▶ Data excerpt
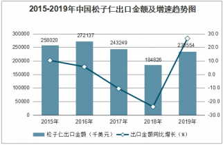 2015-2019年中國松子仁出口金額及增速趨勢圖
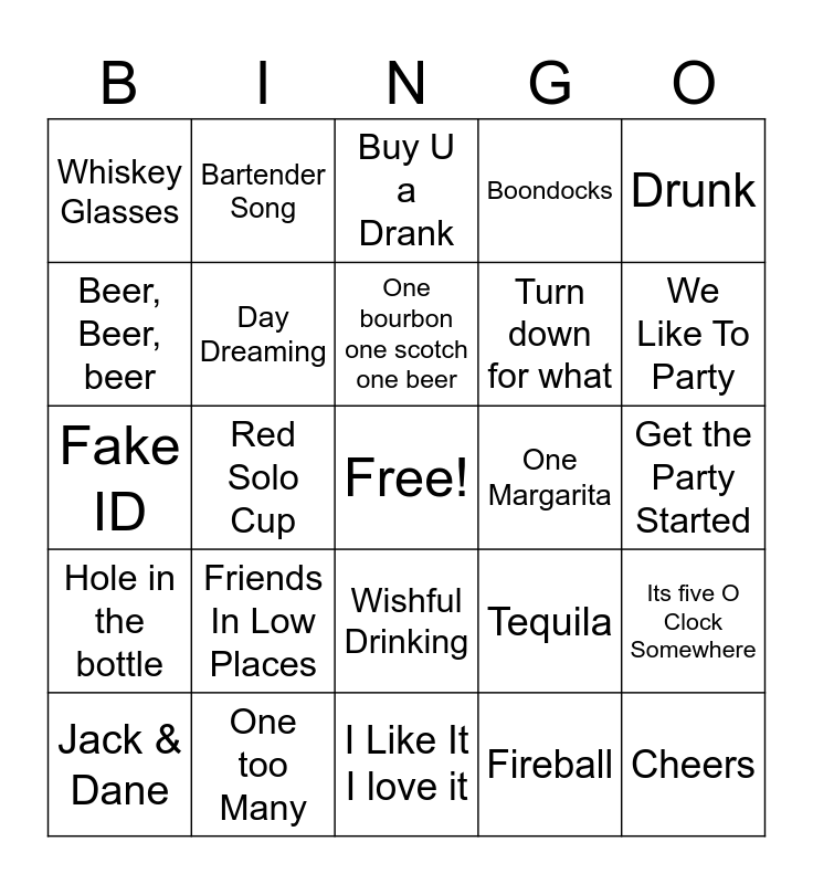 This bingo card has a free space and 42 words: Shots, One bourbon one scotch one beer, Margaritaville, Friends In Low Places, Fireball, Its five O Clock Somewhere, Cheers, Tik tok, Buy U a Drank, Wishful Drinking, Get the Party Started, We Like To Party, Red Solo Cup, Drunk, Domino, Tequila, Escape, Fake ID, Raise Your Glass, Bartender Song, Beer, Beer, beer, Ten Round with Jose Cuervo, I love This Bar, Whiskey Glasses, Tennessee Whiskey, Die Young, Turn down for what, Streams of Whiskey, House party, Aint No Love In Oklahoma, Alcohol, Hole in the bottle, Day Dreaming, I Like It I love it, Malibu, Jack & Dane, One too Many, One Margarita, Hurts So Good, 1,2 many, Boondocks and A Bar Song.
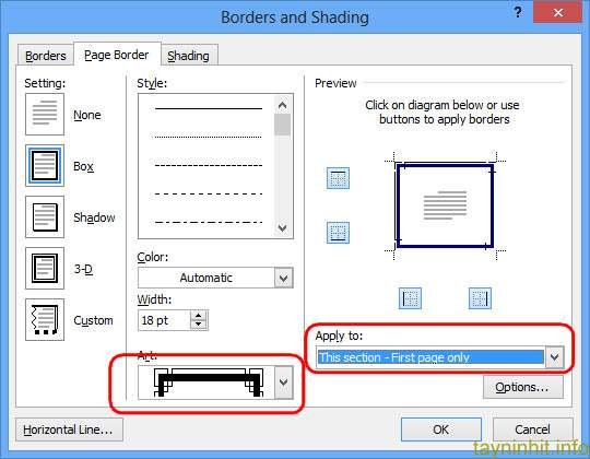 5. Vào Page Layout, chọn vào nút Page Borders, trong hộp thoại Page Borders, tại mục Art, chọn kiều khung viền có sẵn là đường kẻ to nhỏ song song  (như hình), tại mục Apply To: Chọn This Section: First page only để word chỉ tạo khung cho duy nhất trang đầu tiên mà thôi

▶ What you have to do
Output the data above exactly, beginning at its first line and ending with the line that holds "This bingo card". Leave out the pictures and add nothing.

▶ Task output
 2015-2019年中國松子仁出口金額及增速趨勢圖
 This bingo card has a free space and 42 words: Shots, One bourbon one scotch one beer, Margaritaville, Friends In Low Places, Fireball, Its five O Clock Somewhere, Cheers, Tik tok, Buy U a Drank, Wishful Drinking, Get the Party Started, We Like To Party, Red Solo Cup, Drunk, Domino, Tequila, Escape, Fake ID, Raise Your Glass, Bartender Song, Beer, Beer, beer, Ten Round with Jose Cuervo, I love This Bar, Whiskey Glasses, Tennessee Whiskey, Die Young, Turn down for what, Streams of Whiskey, House party, Aint No Love In Oklahoma, Alcohol, Hole in the bottle, Day Dreaming, I Like It I love it, Malibu, Jack & Dane, One too Many, One Margarita, Hurts So Good, 1,2 many, Boondocks and A Bar Song.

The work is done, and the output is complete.